Ana não foi ao apartamento pra arrumar, mas pra pensar. Deitou-se na cama, encarou o novo teto que lhe acolheria pelos próximos anos, fixou o olhar em um defeito na recente pintura e permitiu à mente de levá-la onde quisesse. “Vamos, o que você está tentando me dizer?” e fechou os olhos.
_ Prazer em conhecer, meu ônibus está saindo! _ gritou no meio da multidão com tom indiferente.
_ Prazer. Vai lá. _ Eu disse sorrindo, igualmente indiferente, voltando a sentar no chão e olhando de baixo pra cima para ele.
_ Você vai me deixar ir assim?
_ Não estou te ouvindo, a música ‘tá alta! _ eu disse gritando do chão e Davi agachou _ Você vai me deixar ir assim? _ e completou me olhando o mais sério que podia por alguns segundos _ Eu… posso te… beijar?
Eu estava torcendo pra isso acontecer o dia inteiro, desde que ele apareceu com o amigo, de skate, fazendo nada senão distribuindo adesivo de Rádio. Sim, é o primeiro beijo mais tosco da história dos primeiros beijos, mas a gente tinha só 15 e 17 anos, era pra ser tosco. É obrigatório ter vivido esses momentos toscos.

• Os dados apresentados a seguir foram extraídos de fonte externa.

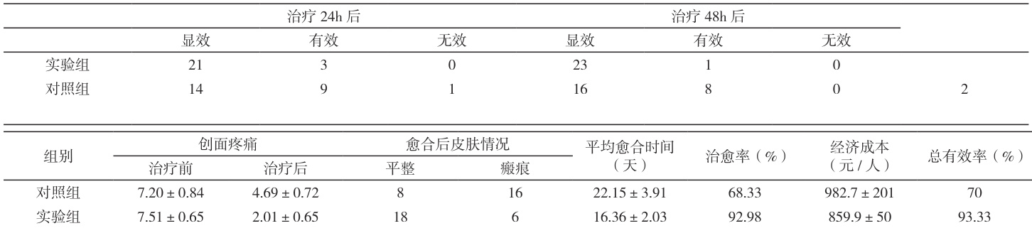 结论 联合疗法具有治疗伤口愈合快,痛苦小,花销少,不良反应较少等优势,可在临床推广使用。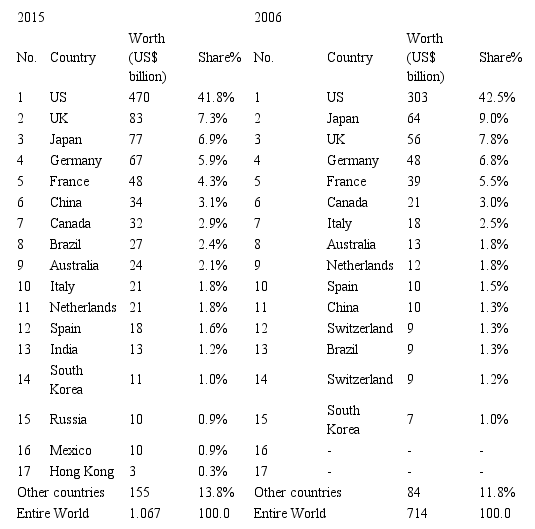 In 2015 the global IT market was estimated at 2.2 trillion dollars, led by the U.S. (727 billion), China (227 billion) and Japan (139 billion). Referring specifically to the world market for software and IT services, the U.S. had a share of more than 40% (Table 1).

_ Pode _ eu disse com vergonha, mas sem desviar os olhos; eu não conseguia desviar os olhos dos dele. Durou pouco e foi um único beijo, tímido. Tão tímido que não me lembro.
_ Você deu seu telefone pro meu amigo _ ele falou se afastando _ eu vou te ligar!
_ Espera! Não dei o telefone certo.
_ Mas que sonsa…
_ Queria que eu tivesse dado o telefone certo pra ele?
_ Não. _ ele disse sorrindo.
Pulamos dali para a casa dos meus pais, quatro meses depois.
_ Por que você não para de chorar? _ implorou tentando me forçar a levantar o rosto.
_ Não é nada, é coisa minha, não tem nada a ver com você _ eu solucei me escondendo no casaco verde-escuro dele.
_ Não importa o que seja, você pode dizer. _ mentiu.
_ Eu não tenho nada pra dizer. _ eu também menti, olhando bem nos olhos dele e depois abaixei o rosto novamente _ só que você é muito bom pra mim.
_ Não, eu não sou tão bom, eu faço coisas erradas também.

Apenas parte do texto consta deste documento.